Thailand enacted 2 new emergency decrees today aimed at providing assistance to businesses and reducing default interest rates to help people affected by Covid-19. A deputy government spokeswoman confirmed the needed action was critical to protect and aid entrepreneurs and small and medium-sized enterprises during the time of pandemic-driven economic crisis.
The goal was to combat unfair interest rates on debt many are suffering, and to provide loans to help keep businesses afloat as the end of the Coronavirus is nowhere in sight.
The Emergency Decree on the Provision of Financial Assistance for Entrepreneurs Affected By the Covid-19 Pandemic allocates 250 billion baht in loans for businesses to recover from the devastating economic effects of the global pandemic. 100 billion baht of this is specifically set aside for those businesses in debt to participate in asset warehousing or debt repurchasing plans.

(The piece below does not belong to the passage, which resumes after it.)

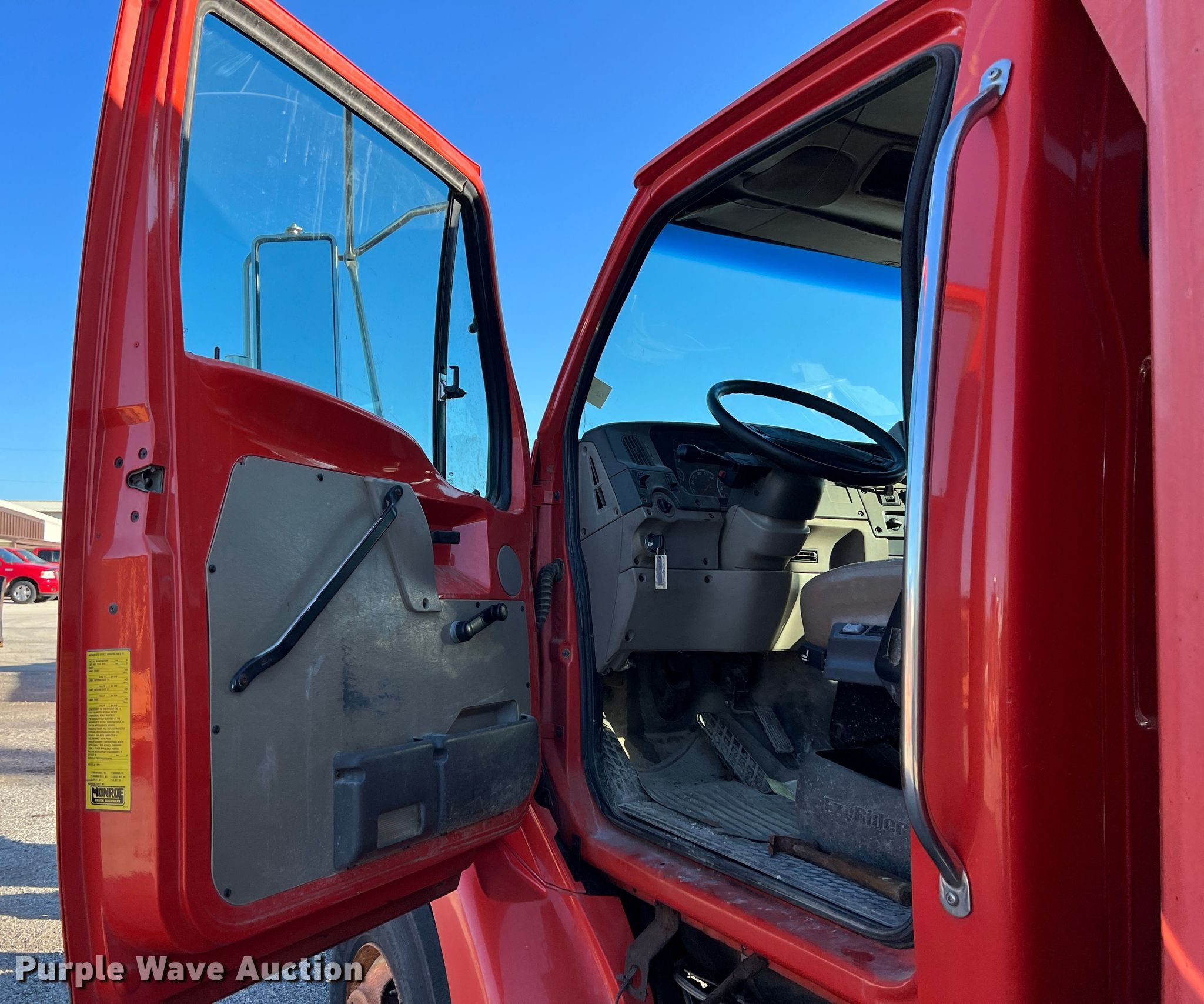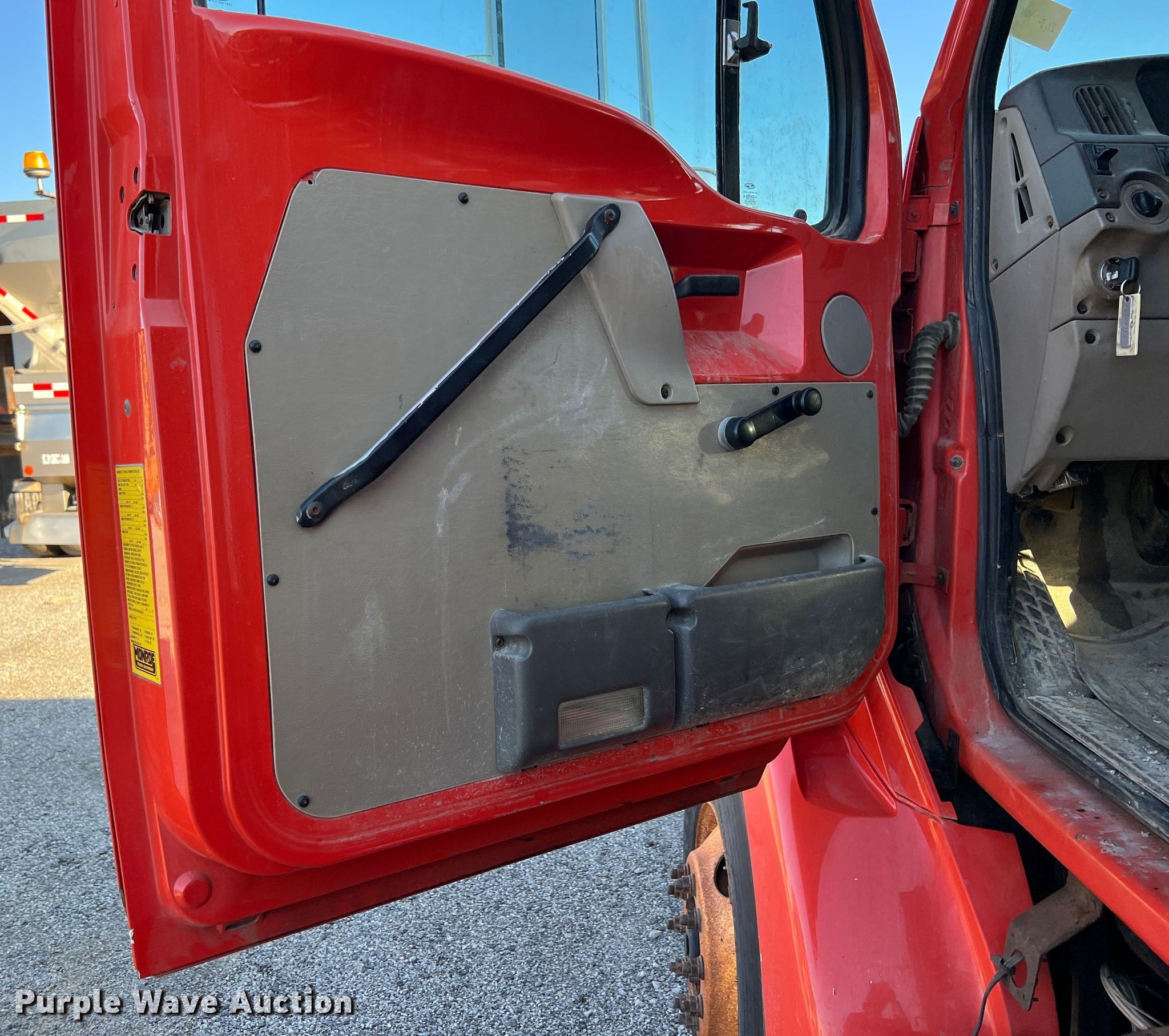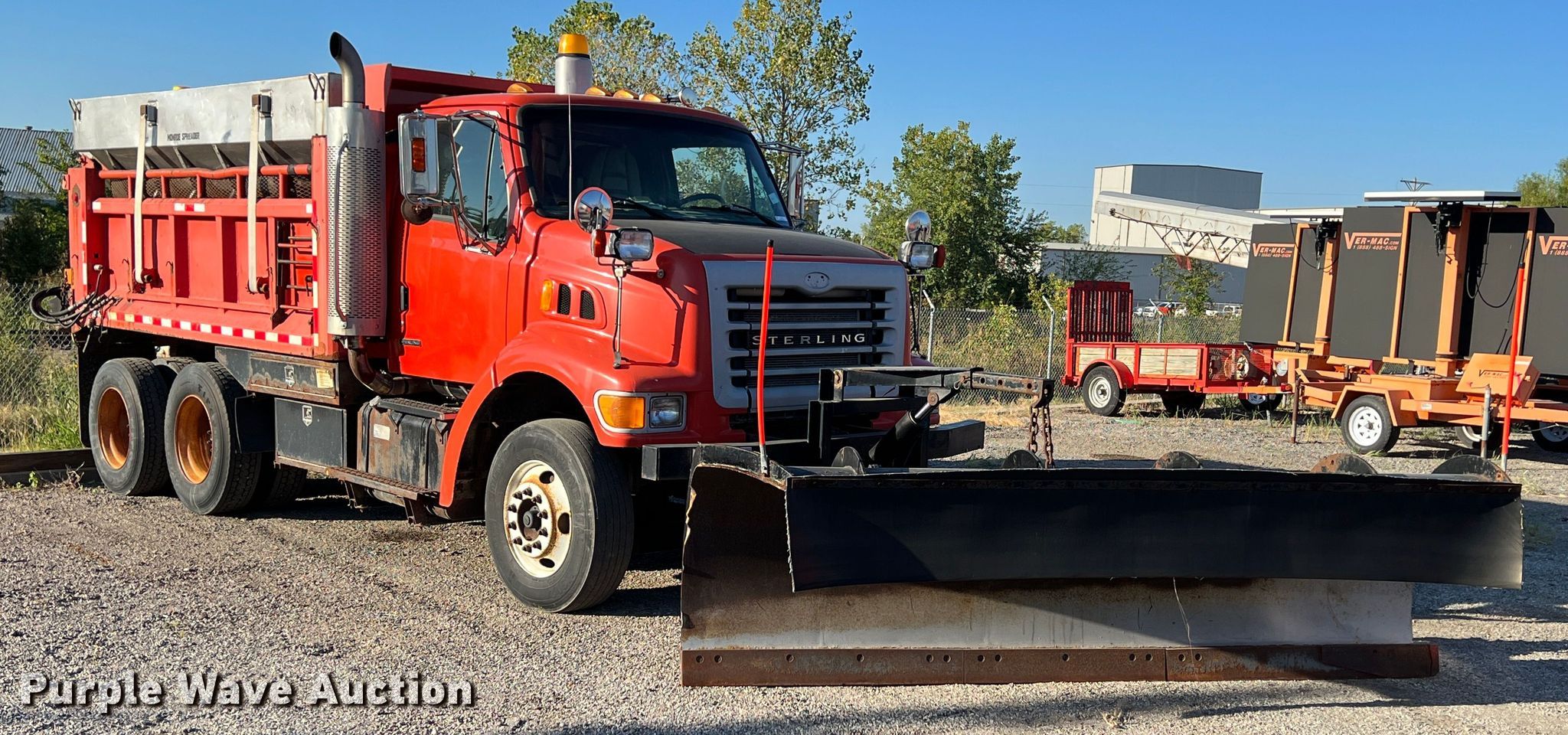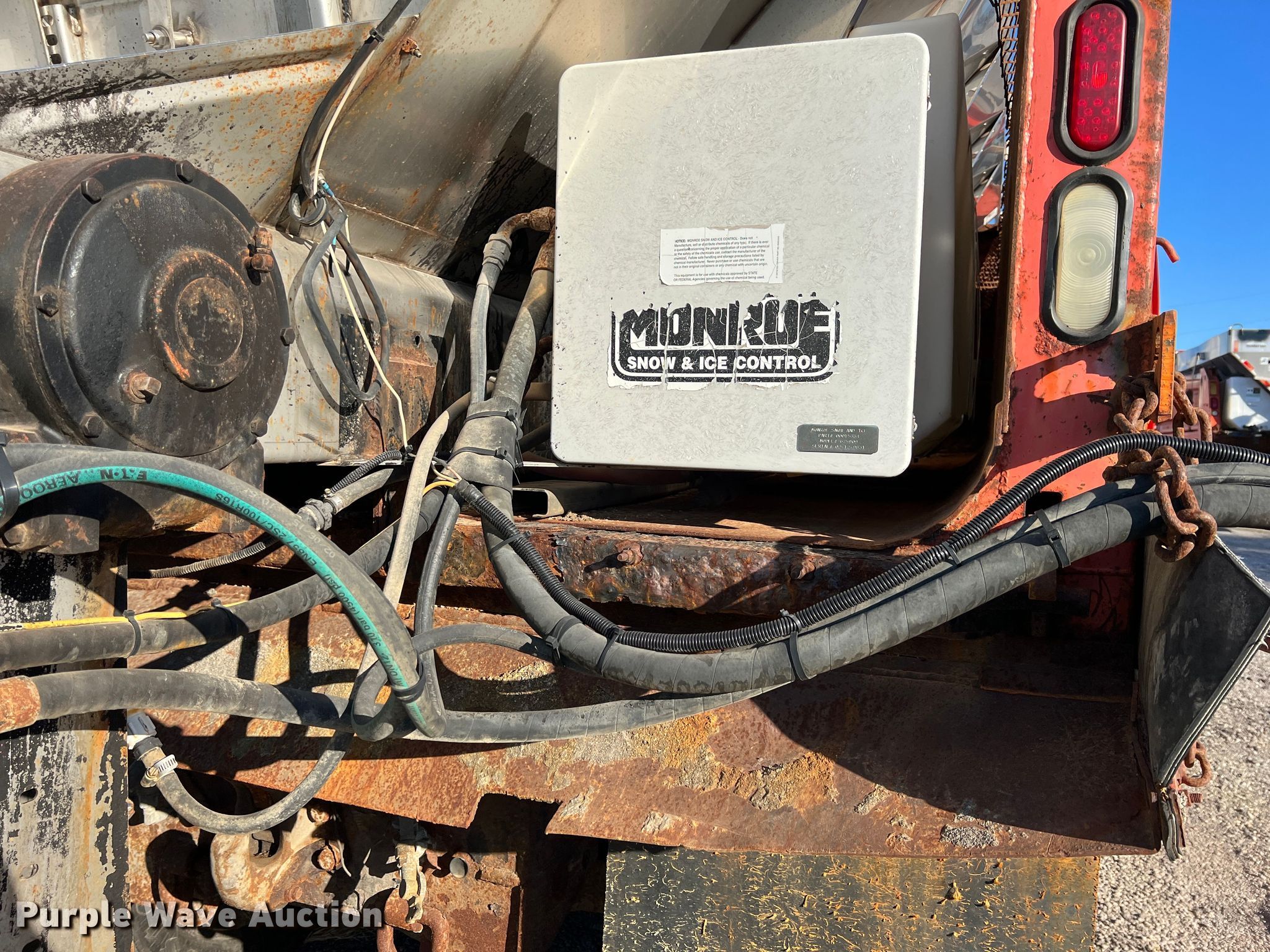 2003 Sterling LT7500 dump truck. Miles: 194,193 on odometer, Hours: 10,036 on meter, VIN: 2FZHATAK33AL69738, KDOT ID: 263-4013. Engine Caterpillar 3126, Displacement: 7.2L, Cylinders: 6, Fuel type: Diesel, HP: 250. Transmission Meritor RT-40-145, Automatic. Chassis Axles: Tandem, Suspension: Spring, Brakes: Air, GVWR: 53,880 lbs. Interior AC, Heat. Features Dump bed Monroe, Capacity: 9 cu.yd., 13' L x 8' W, Side height: 36", Bed type: Steel, Ram: Single, Spreader Monroe MV156-845911/KSSF2304, Capacity: 9 cu.yd., Plow Width: 132". Tires Size: 295/75R22.5. Notes Dash warning indicator: Check engine, Oil leak. Kansas title. Titles will be distributed after confirmation of payment and removal. Kansas Department of Transportation - Chanute. 411 W 14th St. Chanute, KS 66720

Asset warehousing allows businesses, like hotels, to essentially store their property in the care of a creditor for a fee until the economy recovers enough to take over the property again and start making money with it again. Debt repurchasing is a process for a business to buy back its own debt with better terms or a lower rate with the purchase price considered a payment to the principal debt not the interest, similar to refinancing a home.
The second of the emergency decrees, an amendment to the Civil and Commercial Code, looks to close loopholes caused by ambiguity in the law that allowed predatory creditors to charge unreasonable interest rates.
If someone missed a loan payment, the original law did not set a default rate, so lenders could charge additional interest. Debtors can now base default rate calculations on the unpaid principal in the updated law. The new decree sets a 3% yearly interest rate and lowers the default rate to 5% a year from the originally 7.5%. The Finance Ministry declared interest rates would be revised every 3 years.